Minutes after the start of the game the West All-Stars found themselves down 20-4 and the East All-Stars maintained the wide margin throughout the first half and early into the second half. East held a 23-point lead at 88–65 with six minutes left in the third quarter. West All-Stars led by Caleb Gervin outscored the East 32–15 in the remainder of the third quarter which finished 103–99.The East and West played even through the fourth quarter, with the West still leading by seven, 127–120 with two minutes left in the game.
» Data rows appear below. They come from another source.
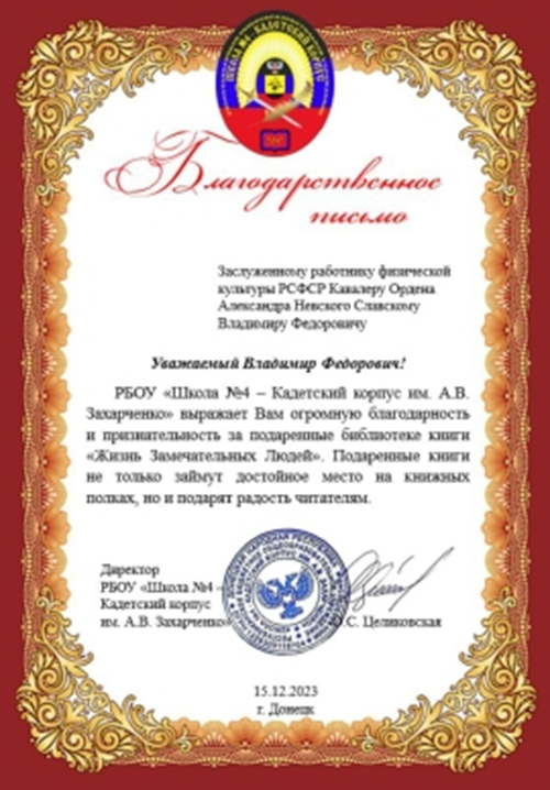 P.S. Благодарственное письмо Владимиру Федоровичу Славскому от директора школы №4 г.Донецка О.С.Целиковской
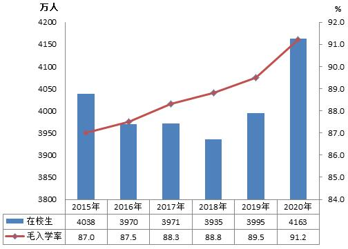 4  “十三五”时期高中阶段教育在校生和毛入学率
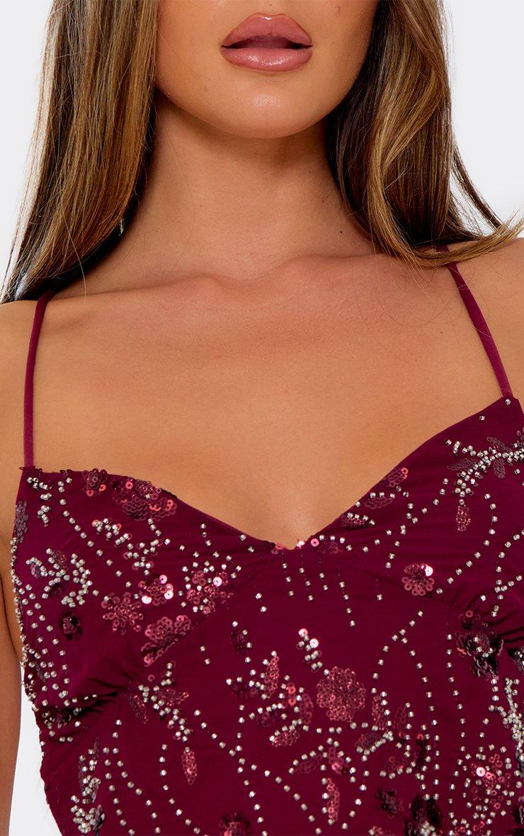 Strappy Tie Back Embellished Detail Cami Top In Plum Sequin
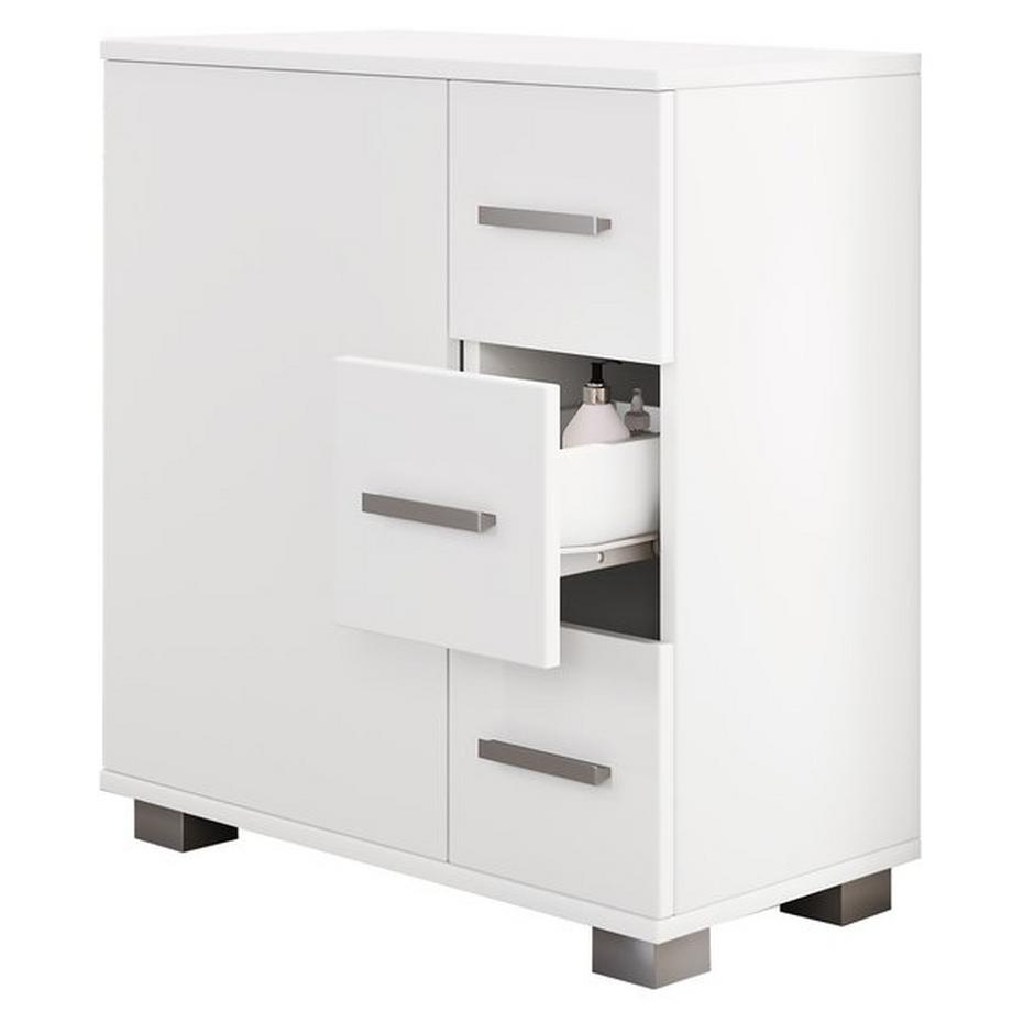 VCMHolz Midischrank | Badschrank | Maße: H. 65 x B. 60 x T. 30 cm | 3 Schubladen | 1 große Drehtür | 2 Fächer.- Zalo XL
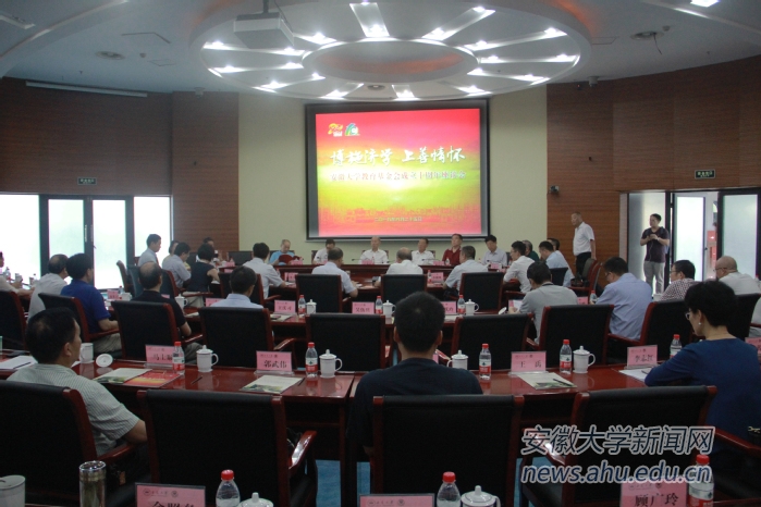 本网讯(宗禾)8月25日下午,安徽大学教育基金会成立十周年座谈会在磬苑校区办公楼B204会议室举行。安徽省委原书记、基金会原名誉理事长卢荣景,安徽省人大常委会原主任、基金会原名誉理事长孟富林,安徽省人大常委会原副主任、基金会原驻会高级顾问吴昌期,安徽省人大常委会原副主任、基金会原高级顾问陈瑞鼎,安徽省人大常委会原副主任、基金会原高级顾问周本立,安徽省政协原副主席、基金会原高级顾问王鹤龄出席座谈会。曾担任基金会理事会领导职务的老同志, 现任基金会理事、监事和捐赠单位代表、学校党政领导等参加座谈会。

The East then went on a 9–0 run over the next 1:23 to regain the lead at 129–127 with 37 seconds left and this remained until the end of the game as Caleb Gervin missed his game-winning three-point attempt at the buzzer. Former NBA player Armen Gilliam of the Pittsburgh Xplosion was named the MVP of the game with 29 points.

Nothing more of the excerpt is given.